BACKGROUND OF THE INVENTION
[0002] 1. Field of the Invention
[0003] The present invention relates to a copper alloy conductor (a
trolley wire) for electric train lines, which is formed of a
high-conductivity and high-strength copper alloy material and which
supplies power to electric trains via pantographs, etc., a cable
conductor for equipment used in cables for equipment of each kind,
and an industrial cable conductor used for general industrial
cables (heat-resistant electric wires, cables for robots, cab tire
cables).
[0004] 2. Description of the Related Art
[0005] In copper alloy conductors (trolley wires) for electric
train lines, or in cable conductors for equipment used in cables
for equipment of each kind, there are used high-conductivity hard
copper wires, or abrasion-resistant and heat-resistant copper alloy
materials (copper alloy wires). Copper alloy materials are known
that contain 0.25 to 0.35 wt % of Sn in copper parent materials
(See JP-A-57-140234), and they are used as trolley wires for
Shinkansen lines (or bullet train) and conventional railway lines,
and cable conductors for equipment.
[0006] In recent years, there has been progress in higher-speed
trains. Increasing the train speed requires enhancement in the
tension of overhead wires, so that the tension of overhead wires in
train lines tends to be increased from 1.5 t to 2.0 t or higher.
Also, in train lines with high passing train density (the number of
passing trains per unit line length), there is a demand for larger
current capacity of trolley wires.
[0007] Also, in cable conductors for equipment, taking account of
use environments, there is a demand for better bend-resistant,
i.e., higher-strength conductors.
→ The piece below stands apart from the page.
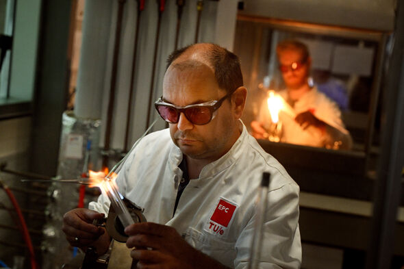 Lommelen: “I’ve been working here for a little over two years now. We had first worked together at Louwers. And seeing as someone was retiring here at TU/e, a vacancy became available. So Bart called me immediately. The world of glassblowing is very small. There are not that many glass instrument makers, so everyone in the field knows each other and when a spot opens up, word travels quickly.”
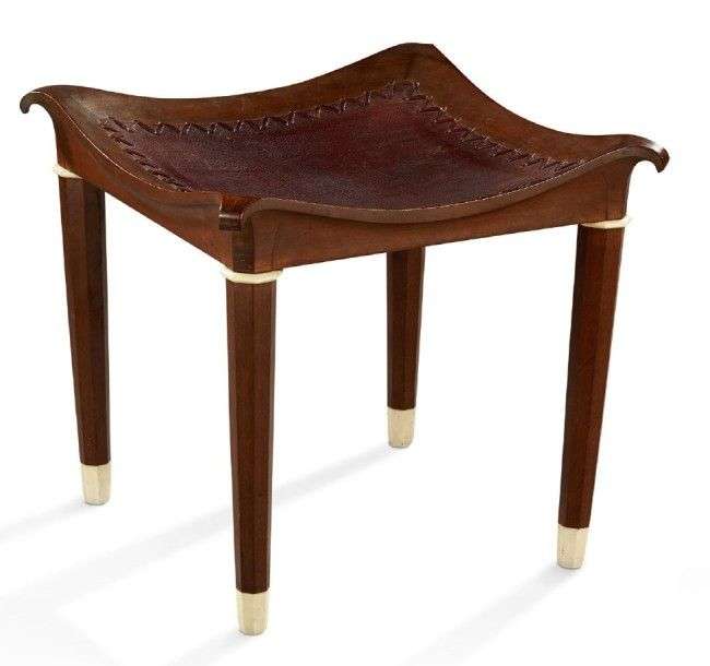 Tabouret en amarante sculpté à assise carrée à enroulement garnie d'un cuir rouge et reposant sur quatre montants fuselés octogonaux bagués et terminés par des sabots en ivoire.

In cable conductors for
equipment, to meet needs for lighter weight and smaller size, there
is also a demand for higher conductivity.
[0008] Further, in industrial cable conductors, there is also a
demand for conductors that inhibit reductions in conductivity as
much as possible, enhance strength and heat resistance, and has
good bend resistance, taking account of use environments.
[0009] Accordingly, as conductors that meet these demands,
high-strength and high- conductivity copper alloy conductors are
needed.
[0010] As high-strength copper alloy conductors, there are mainly 2
kinds: solid solution-strengthening alloys and
precipitation-strengthening alloys. As solid solution-strengthening
alloys, there are Cu--Ag alloys (high-concentration silver), Cu--Sn
alloys, Cu--Sn--In alloys, Cu--Mg alloys, Cu--Sn--Mg alloys, etc.
Also, as precipitation-strengthening alloys, there are Cu--Zr
alloys, Cu--Cr alloys, Cu--Cr--Zr alloys, etc.
[0011] Any of solid solution-strengthening alloys has an oxygen
content of 10 wt.ppm (=0.001 wt %) or less, and are excellent in
strength and elongation properties, which allows copper alloy wire
rods that serve as parent materials of trolley wires to be made
directly from melted copper alloys by continuous casting and
rolling.
[0012] As a fabrication method of conventional trolley wires using
solid solution-strengthening alloys, a copper-alloy cast material
containing 0.4 to 0.7 wt % of Sn, for example, is hot-rolled at
temperatures of 700.degree. C. or more. This rolled material is
again heated at temperatures of 500.degree. C. or less, followed by
finishing rolling to form a wire rod, from which the wire is drawn
to make a trolley wire (See JP-A-6-240426).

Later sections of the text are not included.